Ray took her place at the back of the church and ushered folks into the old family pews for Capers's teaching on the healings in the New Testament. Then she went up and down the aisles to collect their prayer requests for loved ones, which she handed to a group of priests in the back of the room who received the cards and prayed for them one by one.

During Capers's teaching Ray slipped a prayer card out of the back pew and put the names of the people who she felt needed it: Priscilla and J.K.; William and Carson; Laura, the sister she hadn't seen in four years; and even her daddy, who might still be alive somewhere out there. She slipped the card to one of the men in the back who nodded and gave her a reassuring smile before he read the names on the card and closed his eyes.

When Capers finished his talk, Ray opened the pews one by one and ushered the participants up to the altar where Vangie and Capers put their hands on them and prayed for their concerns and ailments as Sis played some worship songs softly on the little keyboard Capers had rented for the occasion.

No one fainted or fell down into any strange convulsions when Capers and Vangie prayed for them, much to Ray's relief, but every time a participant walked back down the aisle to their seat after prayer, she noticed they had a different look about them. Ray couldn't tell if it was in their body language or their facial expressions, but it was a look of peace and a quiet strength, and it was a new look for each of the folks she had ushered out of the pews. It was so pronounced in some that she had to stop herself from making her own walk down the aisle when Capers turned to the congregation, opened his hands, and said, “Anyone else?”

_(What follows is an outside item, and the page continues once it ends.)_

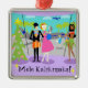 Mele Kalikimaka! This Retro Hawaiian Christmas Ornament features a minimalist cartoon drawing of an attractive couple taking the holiday trip of a lifetime! The mid century modern scene is set in a tropical airport. Mr. and Mrs. Tourist are posing in front of the floor to ceiling glass walls. After all, they want to document every moment of their vacation to paradise. Mr. Tourist is dressed in a black suit, light blue shirt, red tie, and black fedora. He is holding an orange suitcase. His arm is around his beautiful bride. She is wearing a hot pink dress. A bright blue handbag is slung over one arm. A Santa hat is gracing her blonde head. It wouldn't do to travel by air and not look your best! Both of them are wearing colourful flower leis around their necks. Beside them, we see a stunning, golden skinned hula girl with flowing black hair. Miss Hula is wearing a traditional grass skirt. Her hula top has a festive twist, however. Her bikini top is red with white trim. Eat your heart our, Mrs. Claus! Instead of a flower, she is wearing a sprig of holly in her hair. On one arm, she has an extra Hawaiian lei ready to offer the next person to step off the plane. Ah, can't you smell the orchids now? On the opposite side of the couple, there is a Christmas tree that has been given an island makeover. The happy cedar is decked out with pastel seashells and starfish. On the opposite side of the glass, we can see the luxury, jumbo jetliner that brought the couple to their vacation destination. On the tarmac, 1960's style flight attendant is making her way to the building. She is wearing a form fitting, blue uniform and a blue pillbox hat. Yowza! That gorgeous blonde can offer me coffee, tea, or milk anytime! The sky a shade of aqua that makes you want to reach for the suntan oil! We can see the green silhouettes of palm trees and the dark blue silhouette of a plane flying among the fluffy, light blue clouds. Oh, I hope those poor suckers on that plane aren't on their way back to the daily grind! Aloha!

After Kitty B. served everyone a delicious chicken salad lunch in the churchyard, Ray helped round everyone up and back into the sanctuary for what Capers called the “Generational Healing Eucharist,” which was some kind of unique communion service where, as Capers said, “We will ask God to cut us free from anything negative that has come down our family lines, whether we know about it or not.”

Then Vangie told Ray to hand out these little family tree charts for everyone to fill out. “You fill one out too,” Vangie said, when Ray took her seat next to her in the back. Well, at first Ray thought about making up things about her family—a little cancer here, a little heart disease there—the way she did in Dr. Arhundati's office. But then when Capers announced that no one would see the charts, she actually turned away from Vangie and put a big question mark up her daddy's side and another up her mama's side.

As they went forward for communion, Ray and all of the participants took their charts and placed them in an offering basket. Next they followed Capers out to the graveyard and burned the charts as a symbol of this “cutting free.”

Strange thing was, for Ray's whole life she's wanted to know who her family was. To attach herself to them. She's wanted to know where she came from, and she's wanted to hitch her wagon to her ancestors, whoever they were, without stopping to think that she could be hitching up to something rather awful. Maybe that's why her mama never elaborated. Maybe she was trying to protect her.

She realized this as Capers stoked the ashes and some of the participants wept, and she decided to have her first talk with God since Priscilla's Las Vegas wedding. She turned away from the group and looked out over all of the weathered, ornate gravestones that stood like a grand record of the history of Jasper. She was always envious of the gang who all had family plots around the chapel and a heritage to point to. “That was Grandmama,” one would point. “That was Great Uncle Rudolph,” said another.